- **Data to process**
------

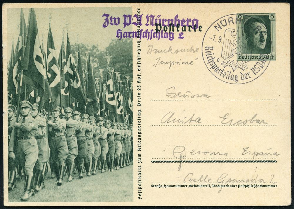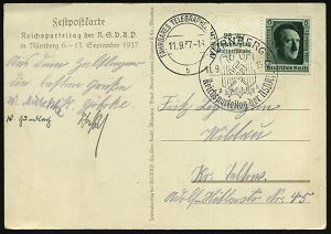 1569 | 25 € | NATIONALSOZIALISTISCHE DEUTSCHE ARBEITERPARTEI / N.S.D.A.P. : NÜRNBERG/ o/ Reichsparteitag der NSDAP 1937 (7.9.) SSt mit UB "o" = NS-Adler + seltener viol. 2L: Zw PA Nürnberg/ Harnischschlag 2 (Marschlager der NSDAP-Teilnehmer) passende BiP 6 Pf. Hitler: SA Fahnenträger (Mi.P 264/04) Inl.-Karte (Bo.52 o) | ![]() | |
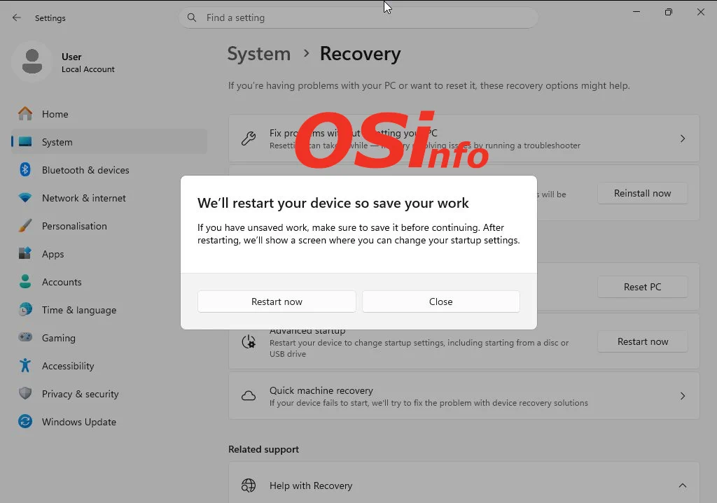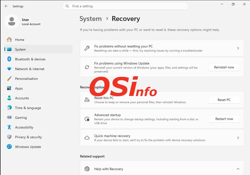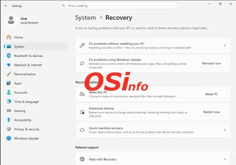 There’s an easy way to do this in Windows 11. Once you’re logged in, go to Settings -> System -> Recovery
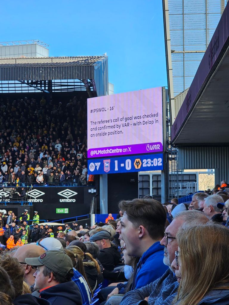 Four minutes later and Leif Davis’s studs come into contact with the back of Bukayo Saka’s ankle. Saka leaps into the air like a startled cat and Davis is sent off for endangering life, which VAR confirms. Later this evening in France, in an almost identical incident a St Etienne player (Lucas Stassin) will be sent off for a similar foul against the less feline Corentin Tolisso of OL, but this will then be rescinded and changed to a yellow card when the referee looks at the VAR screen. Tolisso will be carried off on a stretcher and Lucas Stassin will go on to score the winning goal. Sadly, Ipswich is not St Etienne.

------

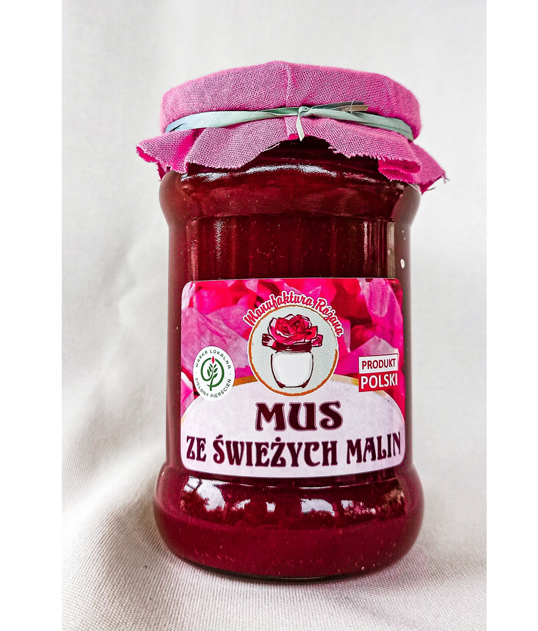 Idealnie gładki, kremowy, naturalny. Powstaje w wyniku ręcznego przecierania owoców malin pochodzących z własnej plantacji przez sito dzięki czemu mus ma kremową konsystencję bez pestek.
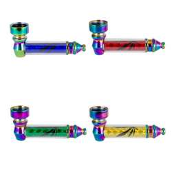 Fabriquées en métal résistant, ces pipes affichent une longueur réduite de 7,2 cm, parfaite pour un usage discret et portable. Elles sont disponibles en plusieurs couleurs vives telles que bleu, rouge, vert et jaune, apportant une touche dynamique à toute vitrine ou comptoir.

------

Starting with the line that has "1569 | 25 €" and ending with the line that has "Four minutes later", repeat the lines above exactly, omitting every picture.

 1569 | 25 € | NATIONALSOZIALISTISCHE DEUTSCHE ARBEITERPARTEI / N.S.D.A.P. : NÜRNBERG/ o/ Reichsparteitag der NSDAP 1937 (7.9.) SSt mit UB "o" = NS-Adler + seltener viol. 2L: Zw PA Nürnberg/ Harnischschlag 2 (Marschlager der NSDAP-Teilnehmer) passende BiP 6 Pf. Hitler: SA Fahnenträger (Mi.P 264/04) Inl.-Karte (Bo.52 o) | ![]() | |
 There’s an easy way to do this in Windows 11. Once you’re logged in, go to Settings -> System -> Recovery
 Four minutes later and Leif Davis’s studs come into contact with the back of Bukayo Saka’s ankle. Saka leaps into the air like a startled cat and Davis is sent off for endangering life, which VAR confirms. Later this evening in France, in an almost identical incident a St Etienne player (Lucas Stassin) will be sent off for a similar foul against the less feline Corentin Tolisso of OL, but this will then be rescinded and changed to a yellow card when the referee looks at the VAR screen. Tolisso will be carried off on a stretcher and Lucas Stassin will go on to score the winning goal. Sadly, Ipswich is not St Etienne.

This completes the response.